**What is required**:
The answer must consist solely of the lines from the line with "A Mark Twain" to the end of the data below, transcribed exactly and with no pictures.

**Given information**:
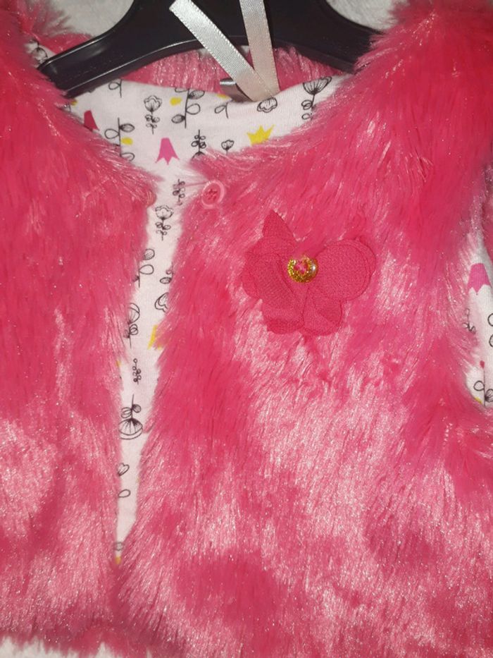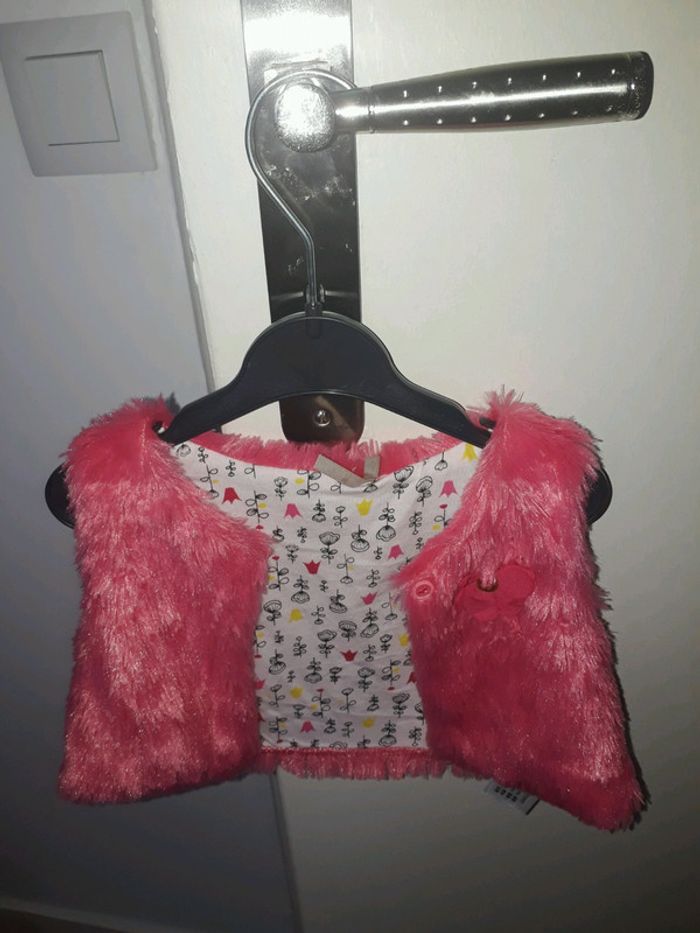 Gilet sans manche en fourrure rose Fille 12 mois 74 cm Porté 1 fois #sarahsoso91_fille12mois #fille12mois
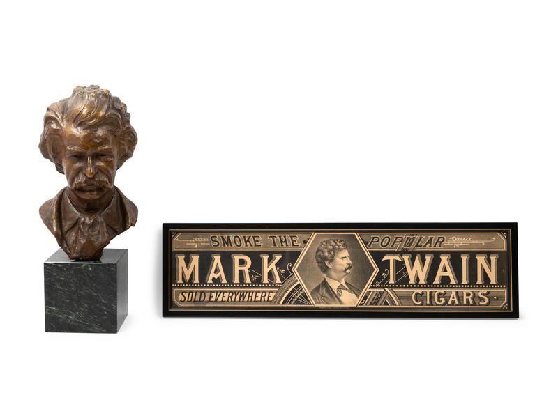 A Mark Twain Cigar Advertisement Poster and Bust
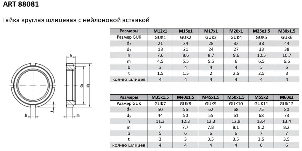 Гайка М55х2, ART 88081 самоконтрящаяся шлицевая GUK с нейлоновой вставкой, оцинкованная
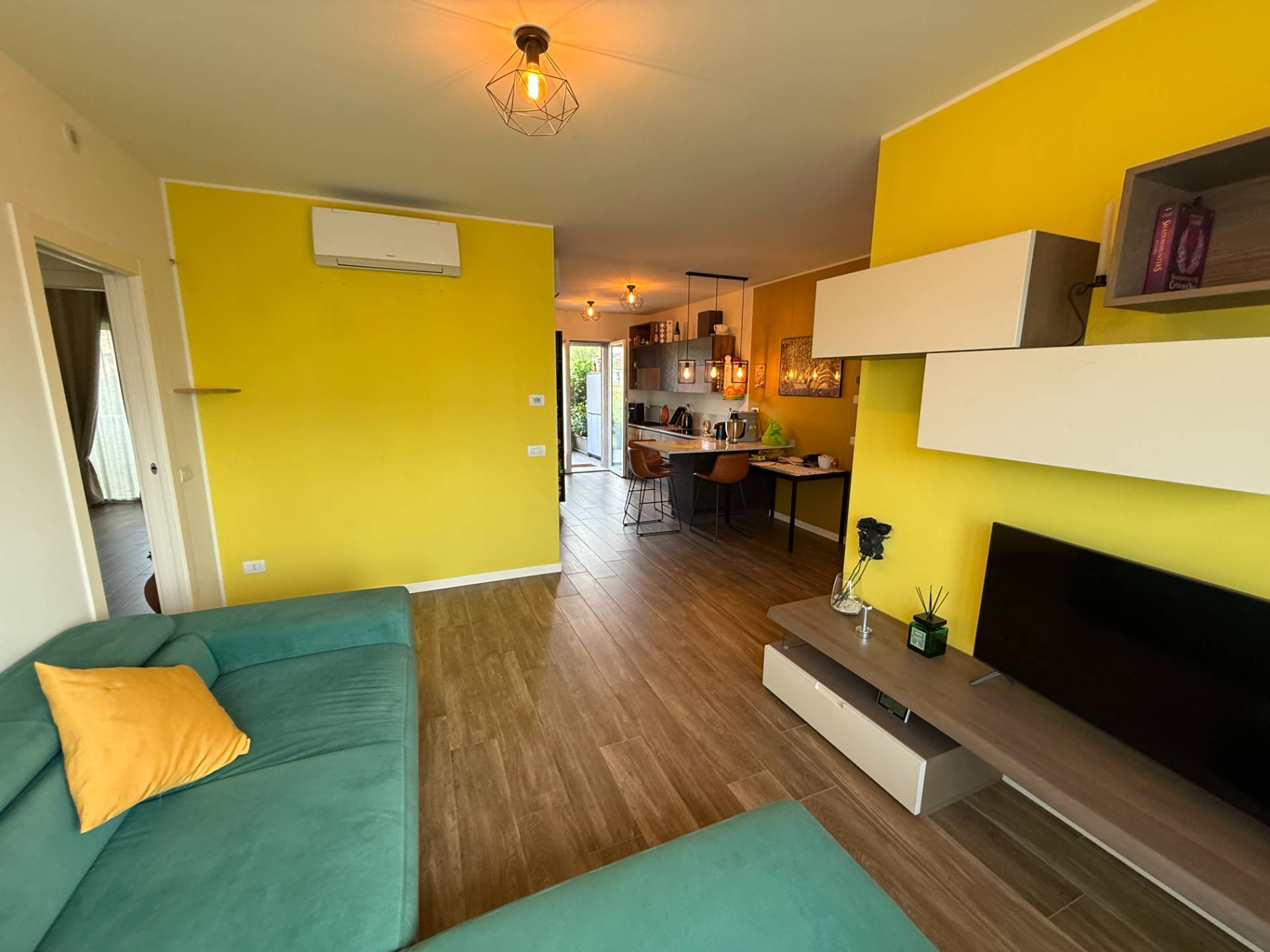 Riscaldamento e raffrescamento a pavimento, fotovoltaico zona comune e pompa di calore riscaldamento sia split pavimento e raffrescamento con split idronici, predisposizione impianto d´allarme, aria condizionata, tapparelle elettriche, gres porcellanato in tutta la soluzione ventilazione meccanica. Sanitari sospesi, cabina armadio, bagni con vasca e doccia.

**Result of this task**:
 A Mark Twain Cigar Advertisement Poster and Bust
 Гайка М55х2, ART 88081 самоконтрящаяся шлицевая GUK с нейлоновой вставкой, оцинкованная
 Riscaldamento e raffrescamento a pavimento, fotovoltaico zona comune e pompa di calore riscaldamento sia split pavimento e raffrescamento con split idronici, predisposizione impianto d´allarme, aria condizionata, tapparelle elettriche, gres porcellanato in tutta la soluzione ventilazione meccanica. Sanitari sospesi, cabina armadio, bagni con vasca e doccia.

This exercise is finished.